Directions — Reproduce the records that follow exactly; any picture among them stays out.

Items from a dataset
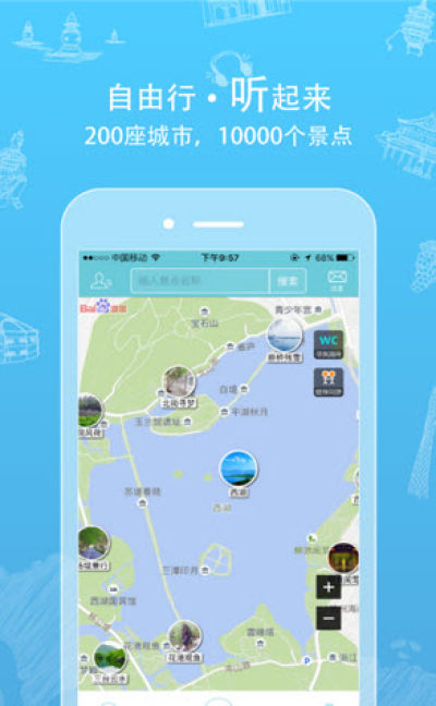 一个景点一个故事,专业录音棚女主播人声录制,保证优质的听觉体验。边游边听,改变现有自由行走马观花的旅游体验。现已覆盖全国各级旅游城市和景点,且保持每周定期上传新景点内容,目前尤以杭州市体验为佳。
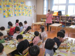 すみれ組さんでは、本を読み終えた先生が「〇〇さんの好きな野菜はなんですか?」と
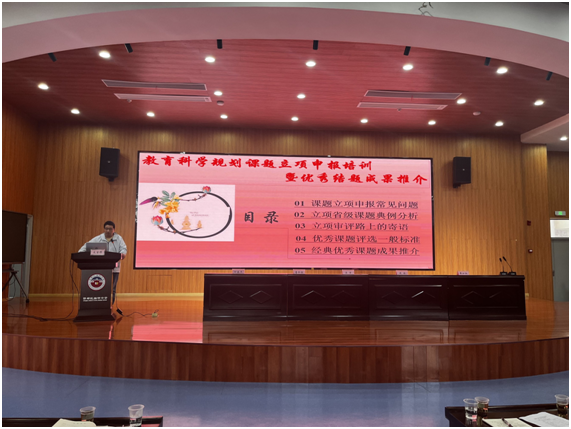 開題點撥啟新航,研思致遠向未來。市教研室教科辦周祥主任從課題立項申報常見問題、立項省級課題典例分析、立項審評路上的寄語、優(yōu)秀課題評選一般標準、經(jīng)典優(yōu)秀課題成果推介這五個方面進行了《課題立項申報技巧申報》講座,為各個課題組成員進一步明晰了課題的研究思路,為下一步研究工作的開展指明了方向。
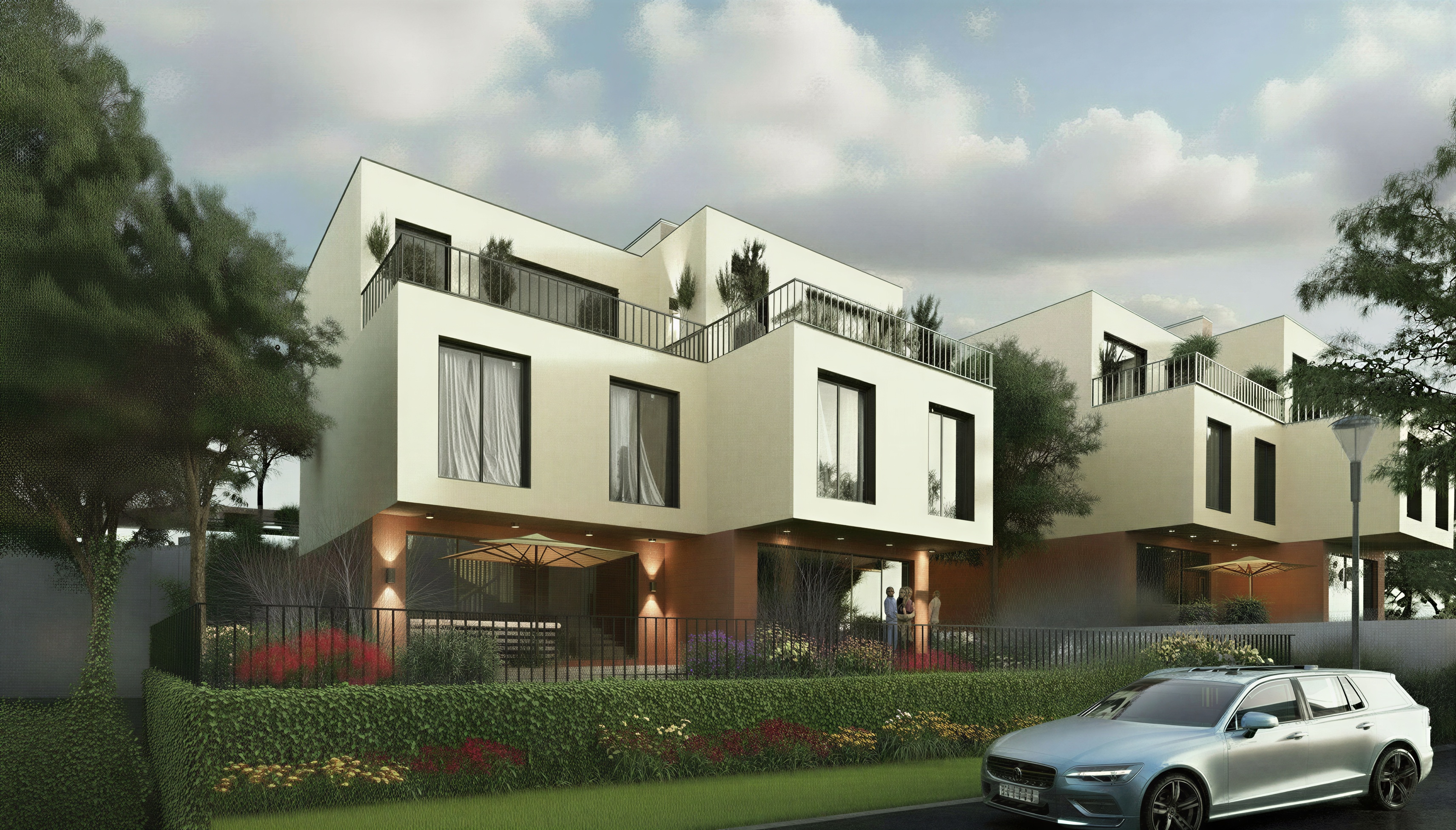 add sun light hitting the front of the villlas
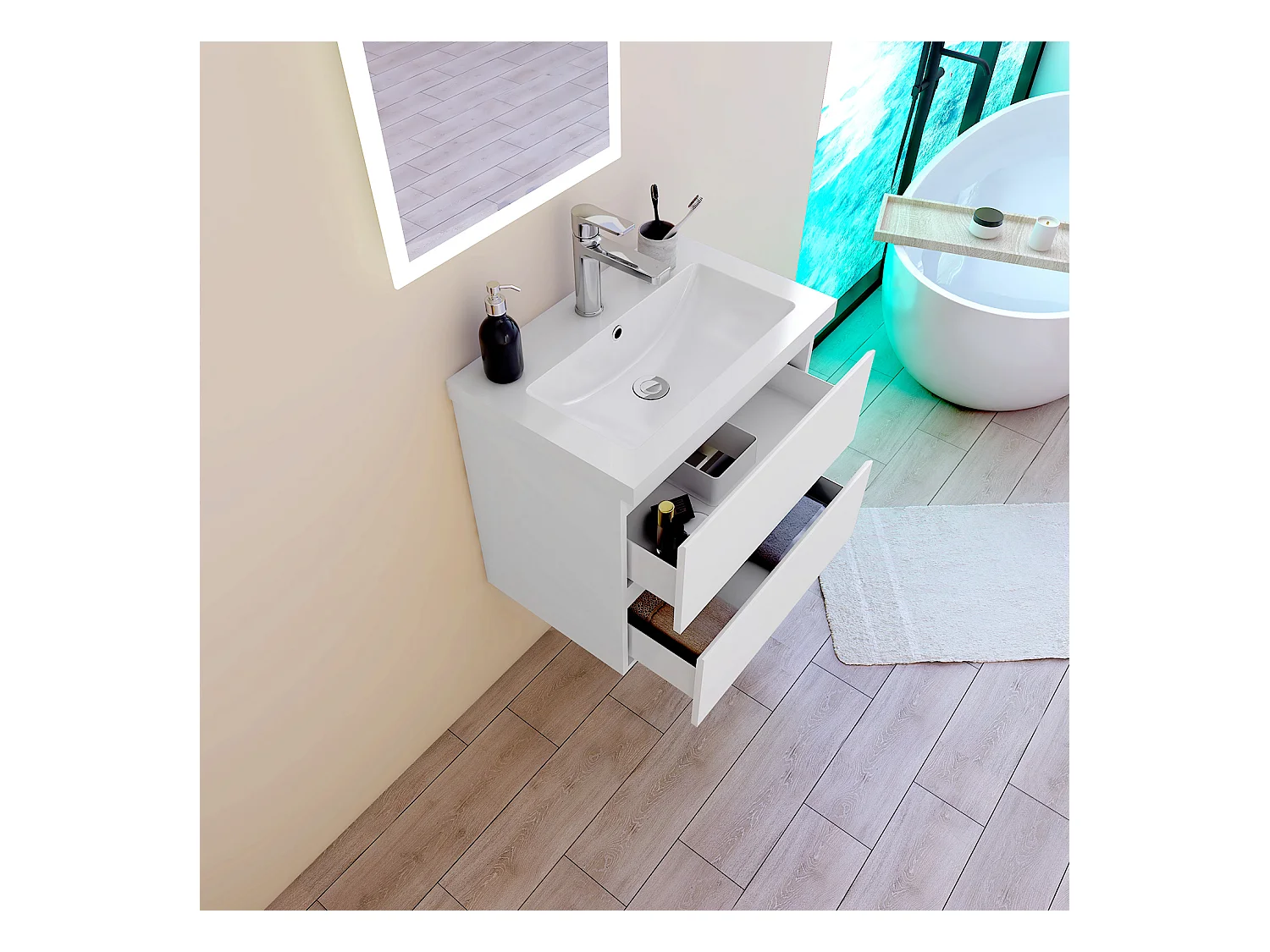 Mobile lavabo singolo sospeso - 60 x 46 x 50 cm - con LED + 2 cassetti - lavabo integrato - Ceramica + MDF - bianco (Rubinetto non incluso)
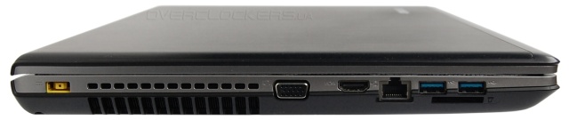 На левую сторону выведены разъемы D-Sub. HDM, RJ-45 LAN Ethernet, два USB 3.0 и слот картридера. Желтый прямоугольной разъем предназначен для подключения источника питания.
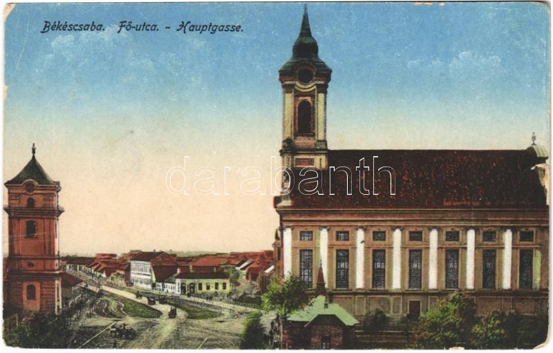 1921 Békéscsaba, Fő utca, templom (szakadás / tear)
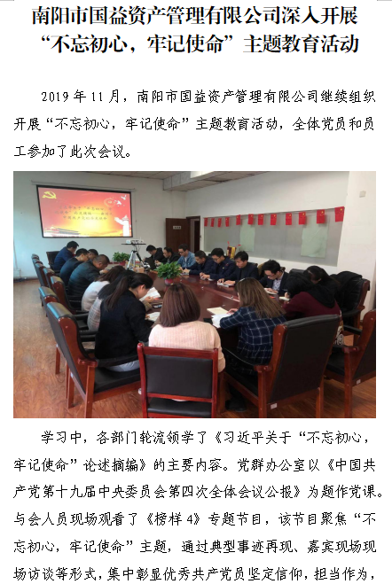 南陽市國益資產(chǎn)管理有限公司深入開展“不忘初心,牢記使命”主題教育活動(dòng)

Result —
 一个景点一个故事,专业录音棚女主播人声录制,保证优质的听觉体验。边游边听,改变现有自由行走马观花的旅游体验。现已覆盖全国各级旅游城市和景点,且保持每周定期上传新景点内容,目前尤以杭州市体验为佳。
 すみれ組さんでは、本を読み終えた先生が「〇〇さんの好きな野菜はなんですか?」と
 開題點撥啟新航,研思致遠向未來。市教研室教科辦周祥主任從課題立項申報常見問題、立項省級課題典例分析、立項審評路上的寄語、優(yōu)秀課題評選一般標準、經(jīng)典優(yōu)秀課題成果推介這五個方面進行了《課題立項申報技巧申報》講座,為各個課題組成員進一步明晰了課題的研究思路,為下一步研究工作的開展指明了方向。
 add sun light hitting the front of the villlas
 Mobile lavabo singolo sospeso - 60 x 46 x 50 cm - con LED + 2 cassetti - lavabo integrato - Ceramica + MDF - bianco (Rubinetto non incluso)
 На левую сторону выведены разъемы D-Sub. HDM, RJ-45 LAN Ethernet, два USB 3.0 и слот картридера. Желтый прямоугольной разъем предназначен для подключения источника питания.
 1921 Békéscsaba, Fő utca, templom (szakadás / tear)
 南陽市國益資產(chǎn)管理有限公司深入開展“不忘初心,牢記使命”主題教育活動(dòng)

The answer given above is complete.